От прихлынувшего волнения губы у Желтикова дрогнули и смяли первое слово. Он сжал их, перевел дыхание и, будто предварительно выравнивая слова, заговорил разрубленными фразами:

- В сложившейся обстановке… третий батальон, который не попал под ядерный удар… лучше развернуть за рекой и не допустить быстрого выхода танков противника в глубину боевого порядка дивизии.

- А как же с первым и вашим батальонами?

- От них осталось немного. "Погибших" лучше собрать в группы и усадить на машины. Чтобы они не попали случайно под танки. Оставшихся в живых - около десяти танков, трех взводов пехоты - целесообразно использовать в засадах, и тем помочь третьему батальону занять оборону за рекой.

Желтиков остановился. Генерал поднял любопытный взгляд: думает здраво, а волнуется, как лейтенант. Подступившая робость вновь овладела Желтиковым, и он поспешил оправдаться:

- Если мои расчеты ошибочны, батальон погиб весь, разрешите хотя бы в учебных целях создать небольшой отряд. Мне кажется, его действиями можно показать молодым офицерам, сержантам и солдатам… что и после ядерного удара можно… и нужно продолжать бой.

Генерал снова посмотрел на Желтикова.

- Давно командуете батальоном?

- Только на учении. Я - замполит полка.

- Что ж, командуйте дальше.

Когда бронетранспортеры были собраны в группы, движение танков "западных" возобновилось. На полной скорости они перемахнули через высоты и устремились к реке и лесу за нею. Однако по дорогам им пробиться не удалось - их уже оборонял отошедший мотострелковый батальон, танковый резерв командира дивизии и артиллерия. А через два часа танки "западных" начали отход - в их глубоком тылу оказались главные силы дивизии Горина.

22

Беда есть беда, никто от нее не избавлен. Но не у каждого хватает мужества взять свою долю вины на себя.

Сразу после конца учения Амбаровский вызвал к себе Аркадьева. Полковник готов был выслушать любые упреки, даже грубые, оскорбительные - не в его нынешнем положении обижаться. На учении действовал так, что, в сущности, подвел всех. Ко всему этому, пока шло учение, в полку случилось чрезвычайное происшествие - рядовой Губанов, уйдя в самоволку, сел в чужую машину и сбил школьника.

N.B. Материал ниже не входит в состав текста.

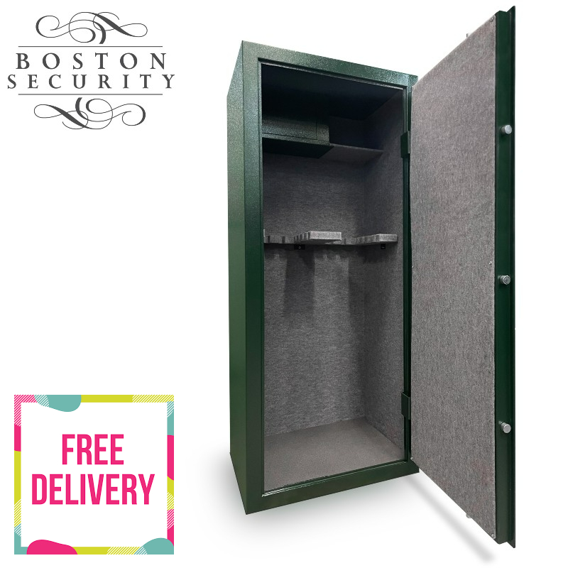 The Boston Security 24 Gun Cabinet is constructed from reinforced 2mm thick steel sides and 5mm door. Designed to meet the requirements of BS 7558 for Police approval, this cabinet can hold up to 24 shotguns or rifles.

Амбаровский стоял в углу, у радиоприемника, когда Аркадьев переступил порог. Смуглое лицо генерала было злое, пальцы правой руки отбивали такты грозного марша.

- Доложи толком, как твои подчиненные чуть не задавили Знобина.

- Знобин промчался мимо меня, - обреченно заговорил Аркадьев, - когда я только закончил отдавать распоряжения во исполнение приказа командира дивизии - не двигаться…

- Как не двигаться? Куда не двигаться? - удивленно поднял брови Амбаровский.

- Когда я перешел реку и начал движение к высотам, Горин отдал приказ: перейти к обороне на месте…

- Почему же ты полез на высоты?

- Я выполнял ваши указания и промедлил…

- Но ты обязан был выполнять последний приказ, приказ командира дивизии, - резко возразил Амбаровский. - Это элементарное положение устава. Тогда бы за все отвечал Горин. И за невыполнение моего приказа и за ЧП. Теперь будешь отдуваться ты.

Генерал с укором посмотрел на понуро стоявшего Аркадьева, отошел к столу и оттуда сказал мягче:

- Постараюсь помочь, но в таких ситуациях возможности мои не безграничны. Расскажи, чтоб мне было ясно, почему произошла вся эта путаница на высоте? Сигнал "прекратить движение" вам подали, а вы все ползли куда-то к черту на рога.

- Командир первого батальона и замполит неправильно поняли мой приказ.

- При чем тут замполит?

- Он командовал вторым батальоном.

- Поч-чему?!

- Приказ командира дивизии.

- Зачем?

- Решил дать ему покомандовать, приобрести опыт, твердость.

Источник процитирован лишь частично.